WHAT YOU WILL DO:
If an entry holds a picture, skip the picture but copy everything else exactly.
◆ ◆ ◆ ◆ ◆ ◆ ◆
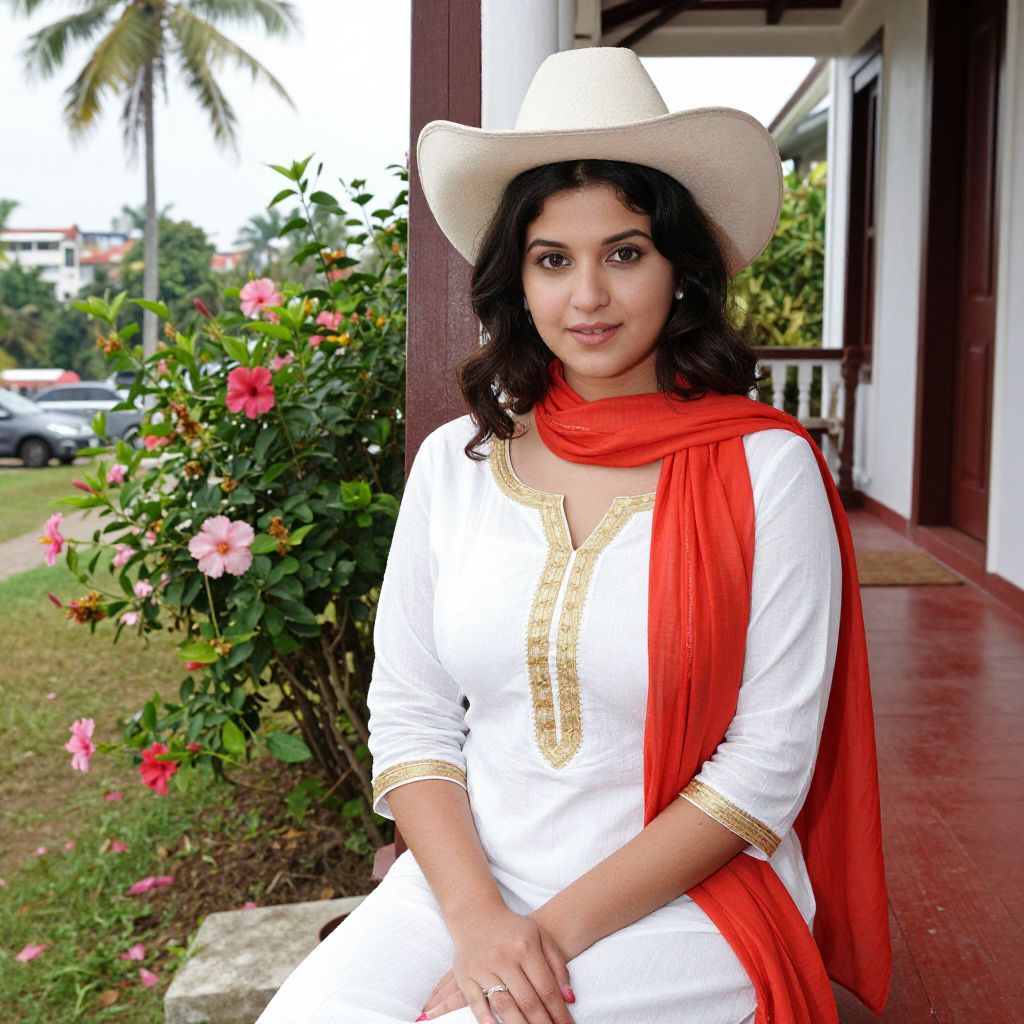 A radiant woman with fair skin, dark wavy hair, and deep brown eyes dressed in a vibrant Indo-western fusion outfit: a white cotton kurti with golden border and a red saffron scarf draped over her shoulders, paired with a wide-brimmed cowboy hat, sitting on a red wooden deck in a colonial-style home overlooking a blooming hibiscus garden in a tropical South Asian city. The woman has big tits and cute face
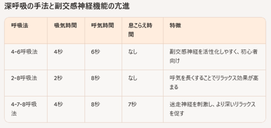 深呼吸の方法は個人の状態に応じて選ぶことが重要です。特に迷走神経の活性化を目的とする場合、呼気を長くする方法が有効とされています。また、正しい深呼吸の習慣を身につけることで、自律神経のバランスを整え、ストレス軽減や健康維持に役立ちます。これから、他の手法についてもご紹介していきます。
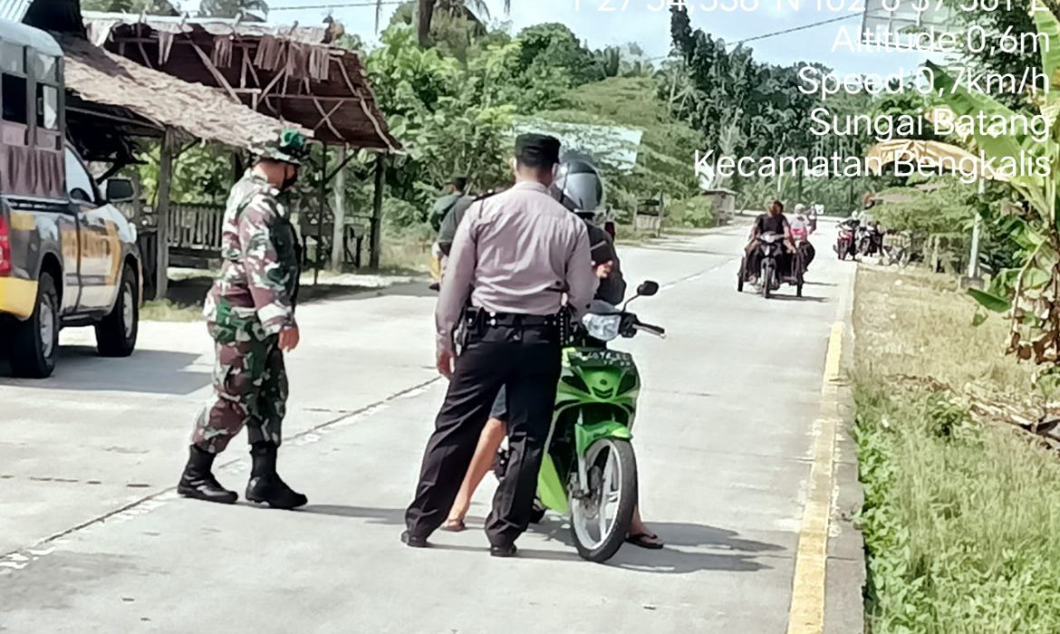 Babinsa Serda Japri Rohim salah satu prajurit TNI AD yang bertugas di Koramil 01/Bengkalis bersama Tim PPKM Desa Sungai Batang menggelar operasi tersebut Di Desa Sungai Batang Kecamatan Bengkalis Kabupaten Bengkalis. Rabu (09/03/22)
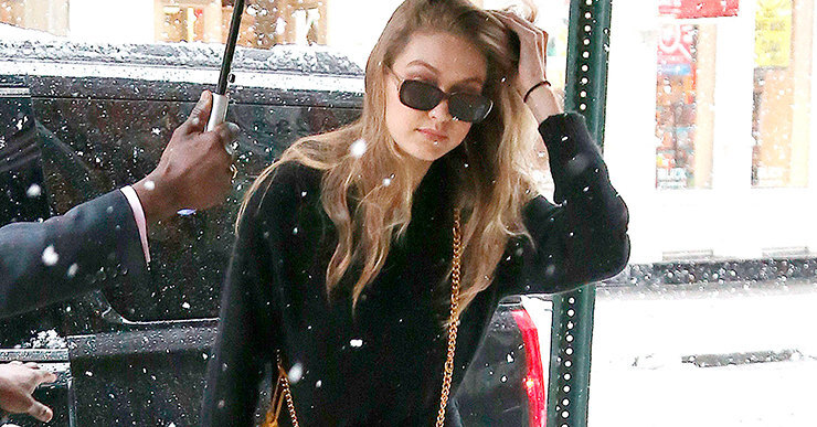 Вчера в Нью-Йорке шел снег. Но несмотря на очевидно холодную погоду, Джиджи Хадид решила не утепляться, а выйти на улицу в джинсах и тонком свитере. Черный монохромный комплект она разбавила яркими акцентами, которыми стали необычная сумка Versace и золотисто-красные ботильоны в тон.
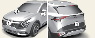 2, 3: SVM странична камера (под външното странично огледало)
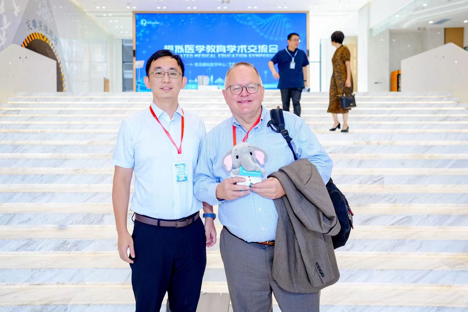张雨东向国际医学模拟协会前主席、美国匹兹堡大学Wiser中心的Paul Phrampus教授赠送医院吉祥物
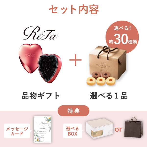 品物ギフトは、大人気の「ReFa HEART BRUSH」。食品ギフトをセットにした、お祝いや内祝い・お祝い返しに人気のギフトセットです。
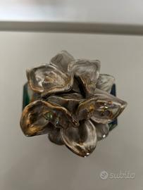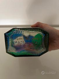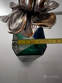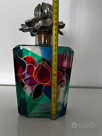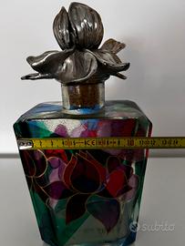 In vendita una splendida bottiglia artistica per profumo della celebre collezione "Crazy Dad", disegnata da Dado Torrigiani (Italia, anni '80/'90). Un pezzo di design iconico che unisce l'artigianato del vetro alla Pop Art italiana. Caratteristiche Principali: Design Unico: Vetro artistico sfaccettato con decorazione floreale (fiori di loto) interamente dipinta a mano con colori vibranti e contorni in rilievo dorati. Firma Autentica: Il pezzo presenta la firma originale dipinta a mano sotto la base, che ne attesta l'autenticità e la provenienza dalla collezione Torrigiani. Tappo Scultoreo: Elegante tappo a forma di bocciolo di fiore realizzato in argento finemente lavorato. Dimensioni: vedi foto Stato di Conservazione: Eccellente stato vintage. I colori sono lucidi e vividi, il vetro non presenta sbeccature. (Vedi foto per i dettagli). Questo oggetto non è solo una bottiglia, ma una vera e propria opera d'arte da esposizione. Perfetta per arricchire una collezione di vetri d'arte o come elemento d'arredo esclusivo per una toeletta raffinata. T2
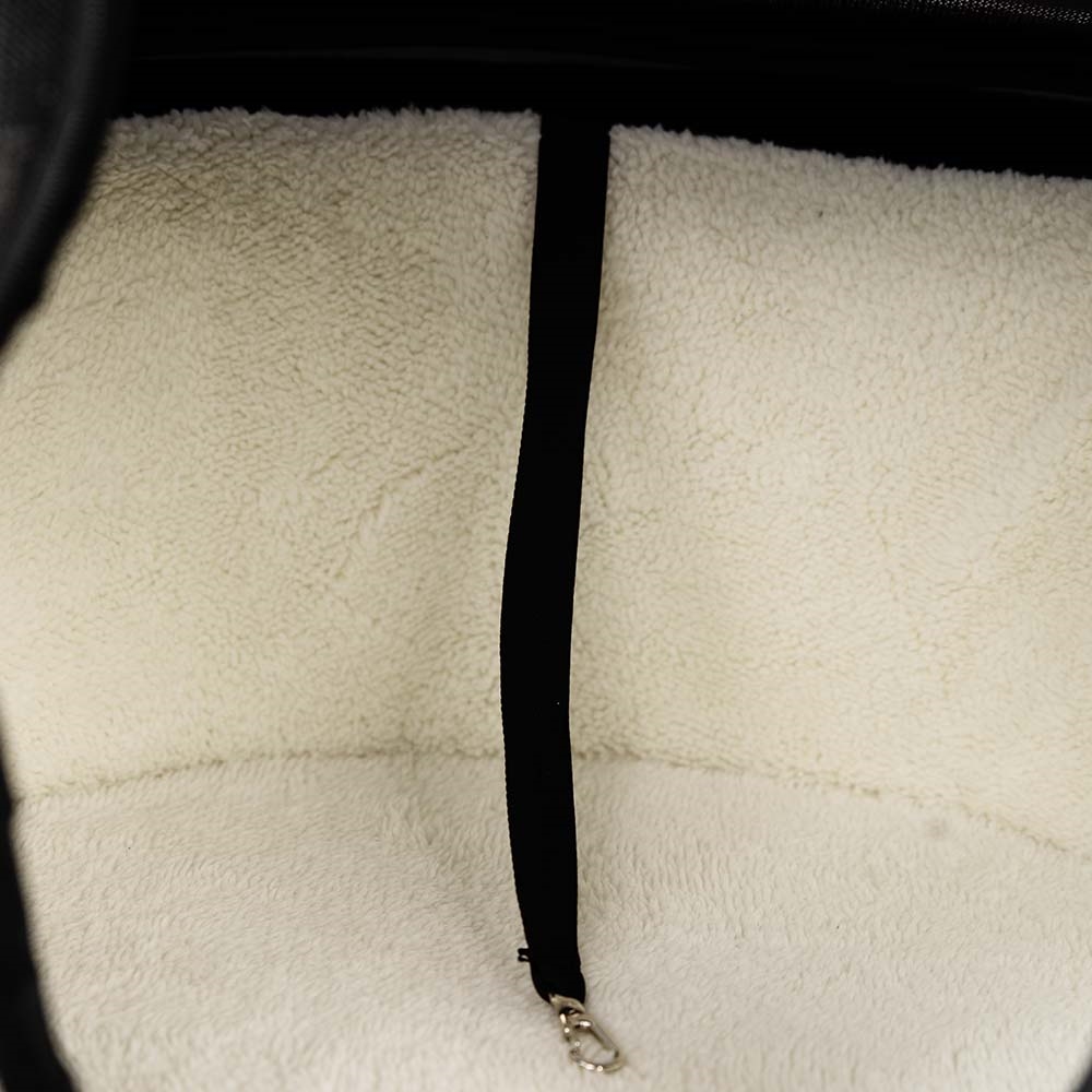 I väskan finns en säkerhetslina som du kan fästa i din hunds eller katts sele. Så är du säker på att den inte hoppar ut ur väskan när du öppnar den.
◆ ◆ ◆ ◆ ◆ ◆ ◆
WRITTEN ANSWER:
 A radiant woman with fair skin, dark wavy hair, and deep brown eyes dressed in a vibrant Indo-western fusion outfit: a white cotton kurti with golden border and a red saffron scarf draped over her shoulders, paired with a wide-brimmed cowboy hat, sitting on a red wooden deck in a colonial-style home overlooking a blooming hibiscus garden in a tropical South Asian city. The woman has big tits and cute face
 深呼吸の方法は個人の状態に応じて選ぶことが重要です。特に迷走神経の活性化を目的とする場合、呼気を長くする方法が有効とされています。また、正しい深呼吸の習慣を身につけることで、自律神経のバランスを整え、ストレス軽減や健康維持に役立ちます。これから、他の手法についてもご紹介していきます。
 Babinsa Serda Japri Rohim salah satu prajurit TNI AD yang bertugas di Koramil 01/Bengkalis bersama Tim PPKM Desa Sungai Batang menggelar operasi tersebut Di Desa Sungai Batang Kecamatan Bengkalis Kabupaten Bengkalis. Rabu (09/03/22)
 Вчера в Нью-Йорке шел снег. Но несмотря на очевидно холодную погоду, Джиджи Хадид решила не утепляться, а выйти на улицу в джинсах и тонком свитере. Черный монохромный комплект она разбавила яркими акцентами, которыми стали необычная сумка Versace и золотисто-красные ботильоны в тон.
 2, 3: SVM странична камера (под външното странично огледало)
张雨东向国际医学模拟协会前主席、美国匹兹堡大学Wiser中心的Paul Phrampus教授赠送医院吉祥物
 品物ギフトは、大人気の「ReFa HEART BRUSH」。食品ギフトをセットにした、お祝いや内祝い・お祝い返しに人気のギフトセットです。
 In vendita una splendida bottiglia artistica per profumo della celebre collezione "Crazy Dad", disegnata da Dado Torrigiani (Italia, anni '80/'90). Un pezzo di design iconico che unisce l'artigianato del vetro alla Pop Art italiana. Caratteristiche Principali: Design Unico: Vetro artistico sfaccettato con decorazione floreale (fiori di loto) interamente dipinta a mano con colori vibranti e contorni in rilievo dorati. Firma Autentica: Il pezzo presenta la firma originale dipinta a mano sotto la base, che ne attesta l'autenticità e la provenienza dalla collezione Torrigiani. Tappo Scultoreo: Elegante tappo a forma di bocciolo di fiore realizzato in argento finemente lavorato. Dimensioni: vedi foto Stato di Conservazione: Eccellente stato vintage. I colori sono lucidi e vividi, il vetro non presenta sbeccature. (Vedi foto per i dettagli). Questo oggetto non è solo una bottiglia, ma una vera e propria opera d'arte da esposizione. Perfetta per arricchire una collezione di vetri d'arte o come elemento d'arredo esclusivo per una toeletta raffinata. T2
 I väskan finns en säkerhetslina som du kan fästa i din hunds eller katts sele. Så är du säker på att den inte hoppar ut ur väskan när du öppnar den.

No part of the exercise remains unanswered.